Aim of the task ->
From the entries below, write out exactly the lines between the line holding "A worker unloads" and the line holding "户型结构:主力户型(面积、居室数量)、布局设计(南北通透 / 动静分区)、得房率、赠送面积、飘窗", inclusive, excluding any pictures.
::: Data supplied :::
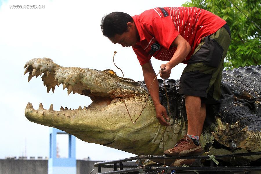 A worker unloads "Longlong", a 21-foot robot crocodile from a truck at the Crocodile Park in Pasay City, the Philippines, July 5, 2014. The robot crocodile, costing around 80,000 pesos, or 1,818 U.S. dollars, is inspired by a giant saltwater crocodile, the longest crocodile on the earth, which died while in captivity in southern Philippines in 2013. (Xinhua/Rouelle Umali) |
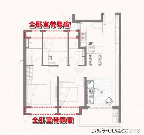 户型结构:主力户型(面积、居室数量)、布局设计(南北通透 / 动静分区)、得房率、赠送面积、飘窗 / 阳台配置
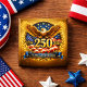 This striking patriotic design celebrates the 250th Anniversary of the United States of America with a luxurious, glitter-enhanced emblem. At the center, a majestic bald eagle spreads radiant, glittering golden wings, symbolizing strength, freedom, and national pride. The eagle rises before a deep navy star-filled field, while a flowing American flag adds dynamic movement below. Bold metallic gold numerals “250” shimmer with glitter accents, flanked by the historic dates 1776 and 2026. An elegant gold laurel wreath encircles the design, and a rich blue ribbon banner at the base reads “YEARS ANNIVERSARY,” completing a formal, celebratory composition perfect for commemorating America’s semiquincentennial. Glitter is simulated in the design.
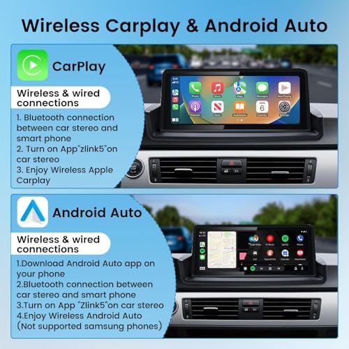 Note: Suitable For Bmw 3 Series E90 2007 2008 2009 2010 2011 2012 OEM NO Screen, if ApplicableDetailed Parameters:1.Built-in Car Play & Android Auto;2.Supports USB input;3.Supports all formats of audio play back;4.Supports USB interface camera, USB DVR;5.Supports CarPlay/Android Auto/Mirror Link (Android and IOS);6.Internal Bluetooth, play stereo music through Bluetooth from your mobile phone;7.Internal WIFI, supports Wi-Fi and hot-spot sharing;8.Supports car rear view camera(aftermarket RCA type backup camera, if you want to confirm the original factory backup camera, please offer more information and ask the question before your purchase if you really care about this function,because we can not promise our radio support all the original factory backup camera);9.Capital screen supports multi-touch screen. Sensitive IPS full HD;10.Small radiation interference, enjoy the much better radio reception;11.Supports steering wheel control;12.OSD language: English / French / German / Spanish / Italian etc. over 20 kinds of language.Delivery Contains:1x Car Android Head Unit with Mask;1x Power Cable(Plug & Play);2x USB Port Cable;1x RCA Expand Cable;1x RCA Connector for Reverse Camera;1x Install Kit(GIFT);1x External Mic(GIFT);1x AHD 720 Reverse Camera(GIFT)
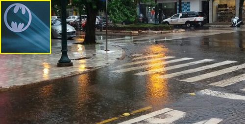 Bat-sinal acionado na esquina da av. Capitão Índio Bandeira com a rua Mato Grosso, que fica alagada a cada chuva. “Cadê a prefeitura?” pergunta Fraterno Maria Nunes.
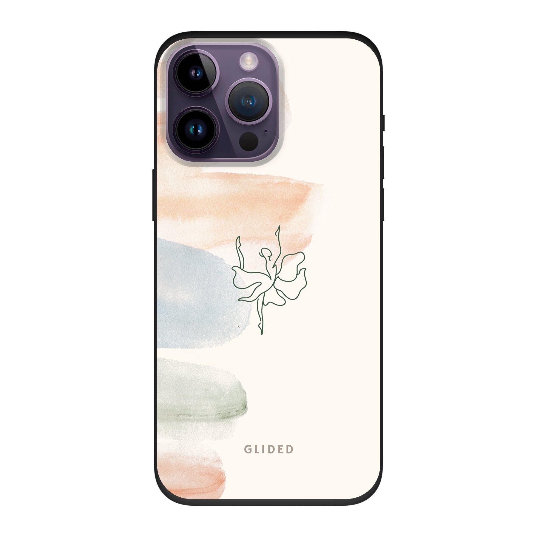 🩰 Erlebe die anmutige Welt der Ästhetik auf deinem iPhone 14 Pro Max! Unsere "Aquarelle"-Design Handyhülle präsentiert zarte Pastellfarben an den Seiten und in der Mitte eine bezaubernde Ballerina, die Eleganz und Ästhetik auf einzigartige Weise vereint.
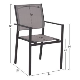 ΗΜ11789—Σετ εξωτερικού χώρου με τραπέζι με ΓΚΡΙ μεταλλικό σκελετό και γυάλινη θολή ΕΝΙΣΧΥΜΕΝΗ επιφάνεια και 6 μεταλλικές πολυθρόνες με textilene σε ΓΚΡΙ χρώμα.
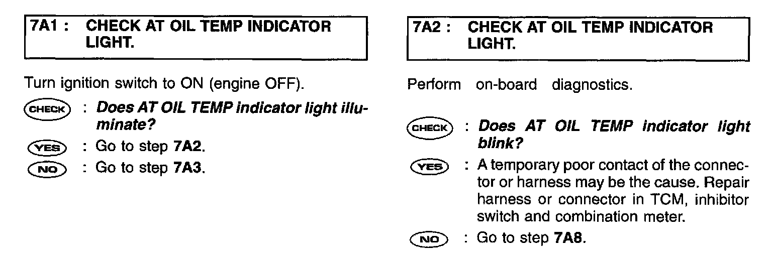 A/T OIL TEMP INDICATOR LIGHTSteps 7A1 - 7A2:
:::
::: Data supplied :::
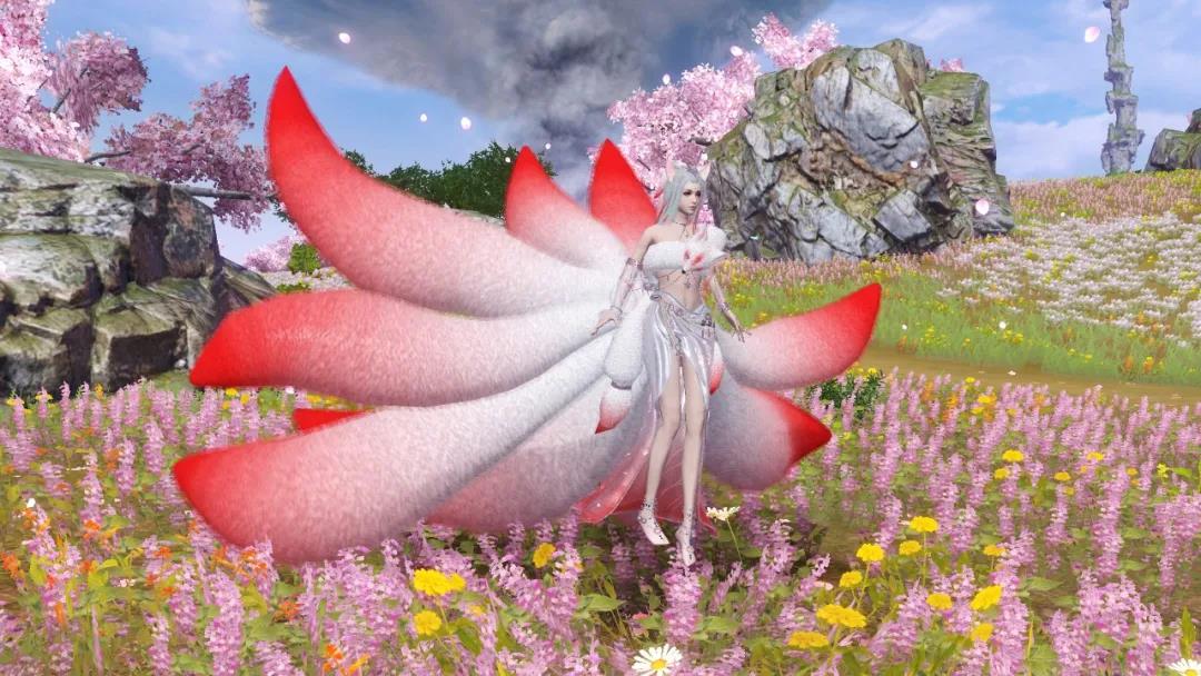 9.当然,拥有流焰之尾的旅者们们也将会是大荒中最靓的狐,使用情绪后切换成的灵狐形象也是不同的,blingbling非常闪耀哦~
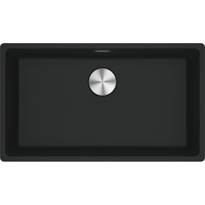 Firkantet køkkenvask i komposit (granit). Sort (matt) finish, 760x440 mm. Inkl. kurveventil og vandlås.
:::
::: Data supplied :::
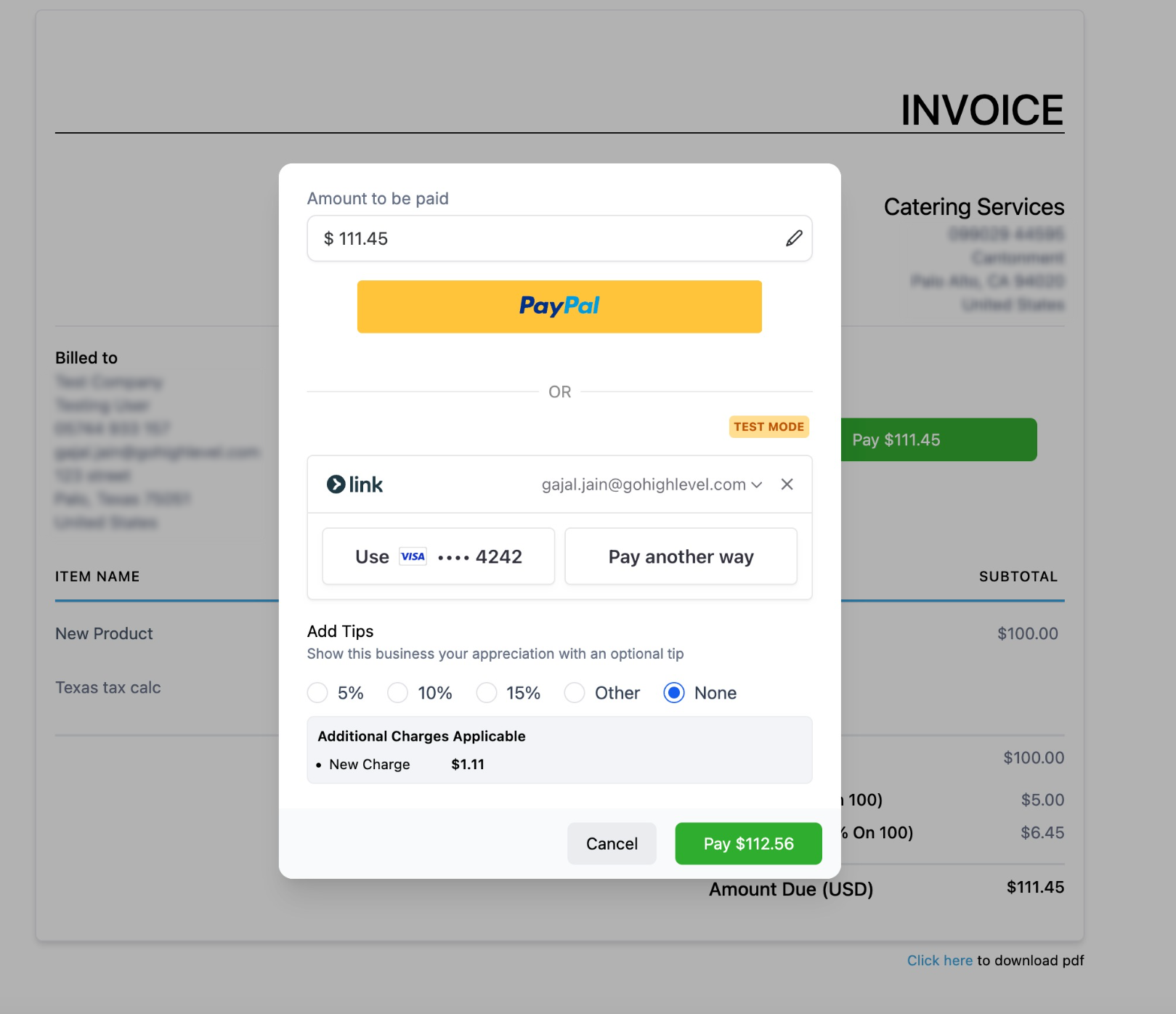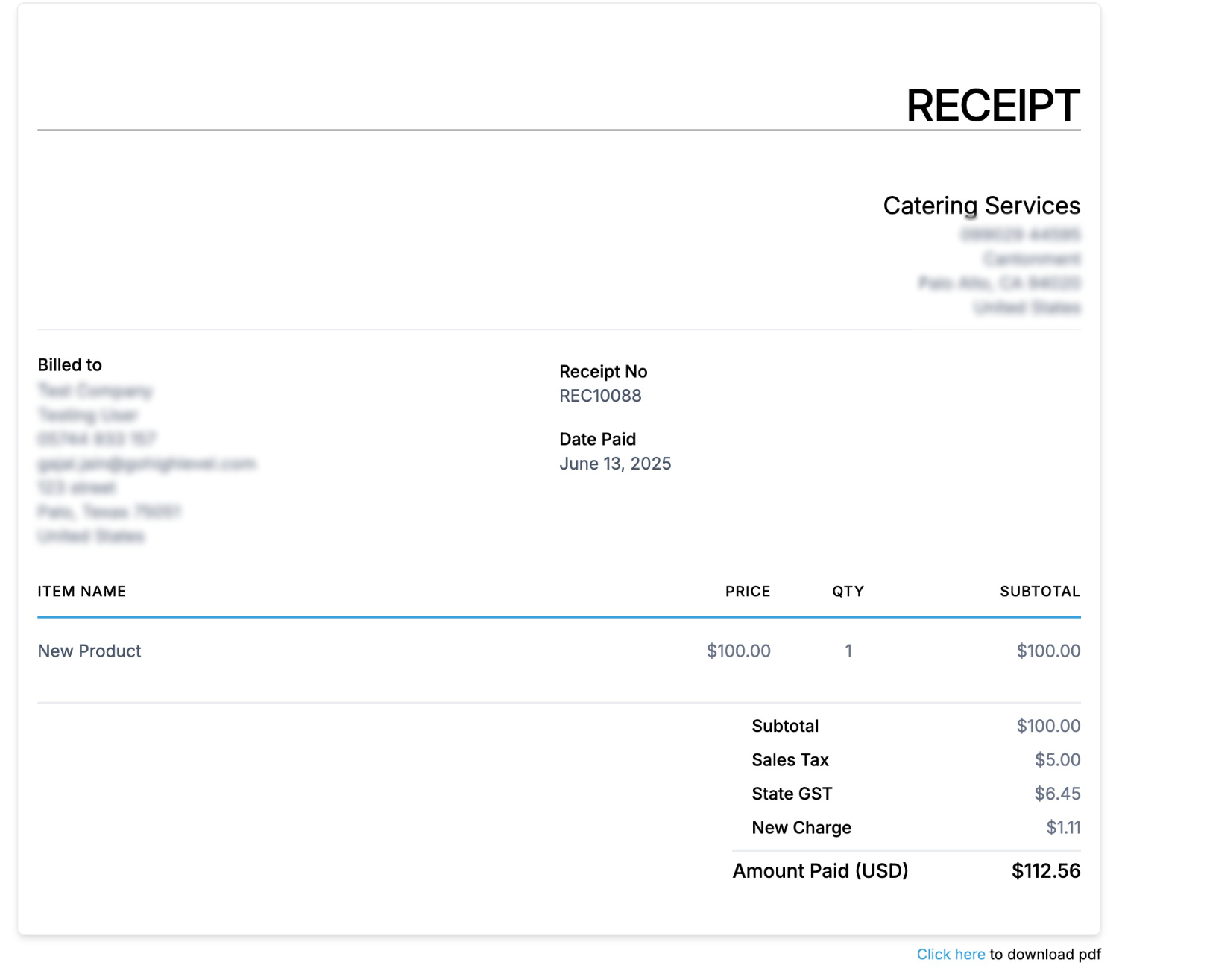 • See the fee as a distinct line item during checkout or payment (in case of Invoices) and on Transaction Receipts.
:::
Expected output ->
 A worker unloads "Longlong", a 21-foot robot crocodile from a truck at the Crocodile Park in Pasay City, the Philippines, July 5, 2014. The robot crocodile, costing around 80,000 pesos, or 1,818 U.S. dollars, is inspired by a giant saltwater crocodile, the longest crocodile on the earth, which died while in captivity in southern Philippines in 2013. (Xinhua/Rouelle Umali) |
 户型结构:主力户型(面积、居室数量)、布局设计(南北通透 / 动静分区)、得房率、赠送面积、飘窗 / 阳台配置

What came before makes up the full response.